- Balaloan Location in Punjab, India Balaloan Balaloan (India)
- Coordinates: 31°13′26″N 75°46′15″E﻿ / ﻿31.224020°N 75.770801°E
- Country: India
- State: Punjab
- District: Kapurthala

Government
- • Type: Panchayati raj (India)
- • Body: Gram panchayat

Population (2011)
- • Total: 133
- Sex ratio 77/56♂/♀

Languages
- • Official: Punjabi
- • Other spoken: Hindi
- Time zone: UTC+5:30 (IST)
- PIN: 144401
- Telephone code: 01822
- ISO 3166 code: IN-PB
- Vehicle registration: PB-09
- Website: kapurthala.gov.in

= Balaloan =

Balaloan is a village in Tehsil Phagwara, Kapurthala district, in Punjab, India. It is located 10 km away from sub-district headquarter Phagwara and 44 km away from district headquarter Kapurthala.
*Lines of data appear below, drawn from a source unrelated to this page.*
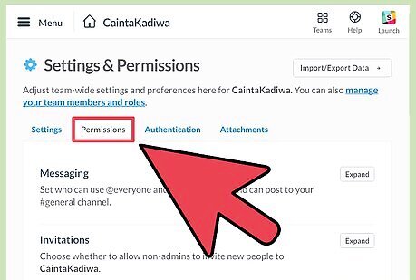 Click the “Permissions” tab. This is located near the top of the page and will display a list of editable app and user permissions. The Member role will have access to most team settings by default. Most of these settings are for removing access to these features.
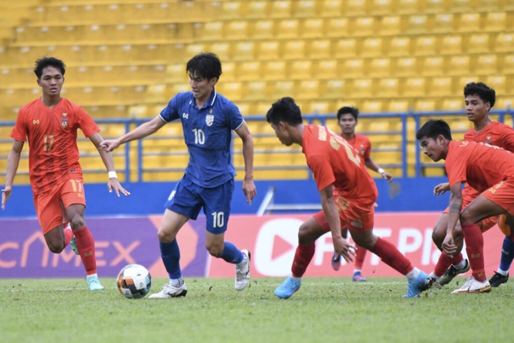 เริ่มเกมมา 9 นาที ไฮน์ ซอว์ เนียง ได้ยิงที่เสาสองเข้าไปให้เมียนมานำก่อน 1-0 แต่นาทีที่ 13 ไทยมาได้ฟรีคิก และเป็นธนกฤต ละออไขย์ ที่ปั่นด้วยซ้ายยัดเข้าไปให้สกอร์กลับมาเท่ากันที่ 1-1
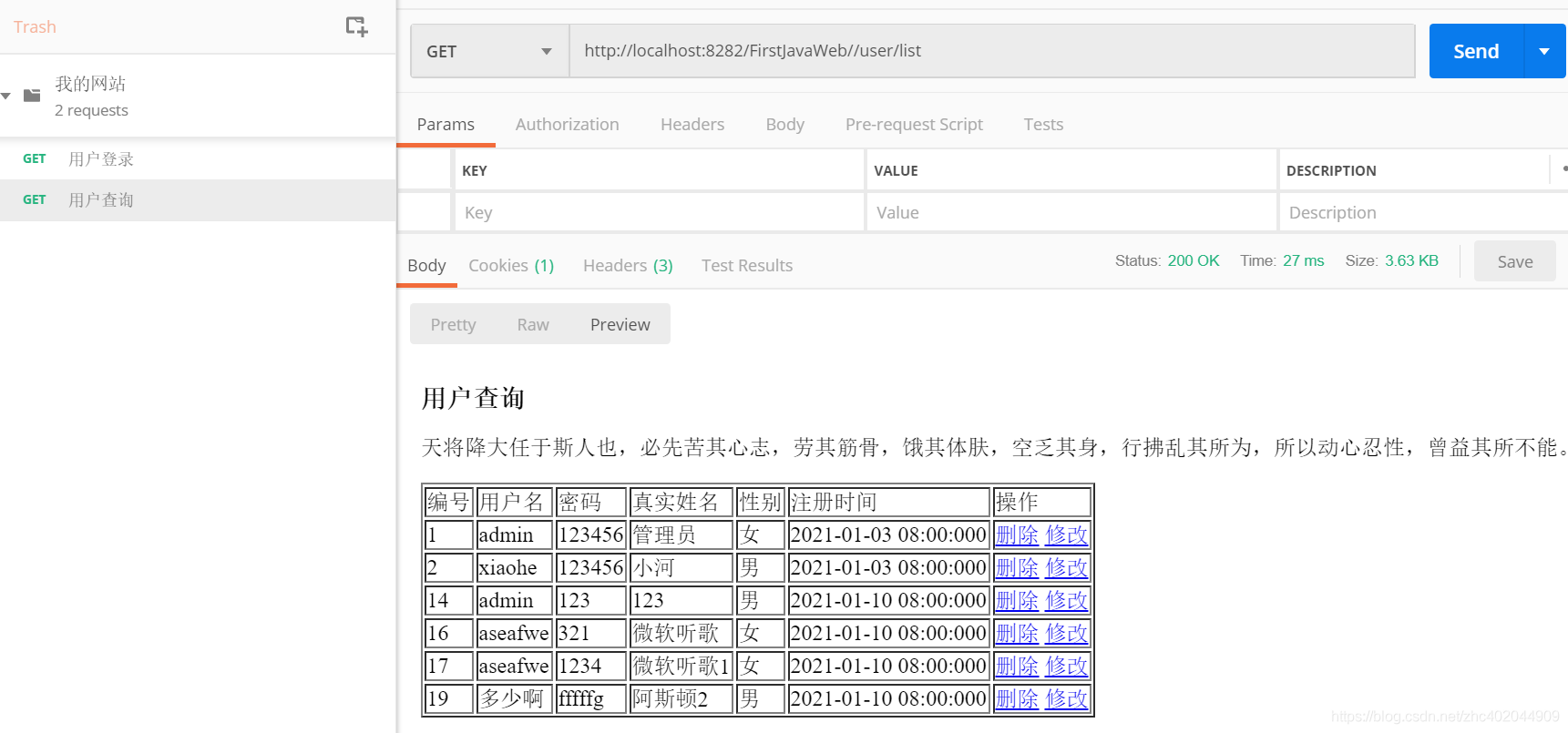 這節(jié)介紹接口測試工具postman的基本使用方法, 測試系統(tǒng)就是2.8節(jié)自己開發(fā)的具有用戶增刪改查操作的web應(yīng)用程序——[FirstJavaWeb](https://www.jb51.net/article/203984.htm)。 執(zhí)行測試前,確保FirstJavaWeb應(yīng)用程序處于啟動中。

The village is administrated by a Sarpanch, who is an elected representative.

== Transport ==
Phagwara Junction Railway Station, Mauli Halt Railway Station are the nearby railway stations to Balaloan. Jalandhar City Rail Way station is 23 km away from the village. The village is 118 km away from Sri Guru Ram Dass Jee International Airport in Amritsar. Another nearby airport is Sahnewal Airport in Ludhiana which is located 40 km away from the village.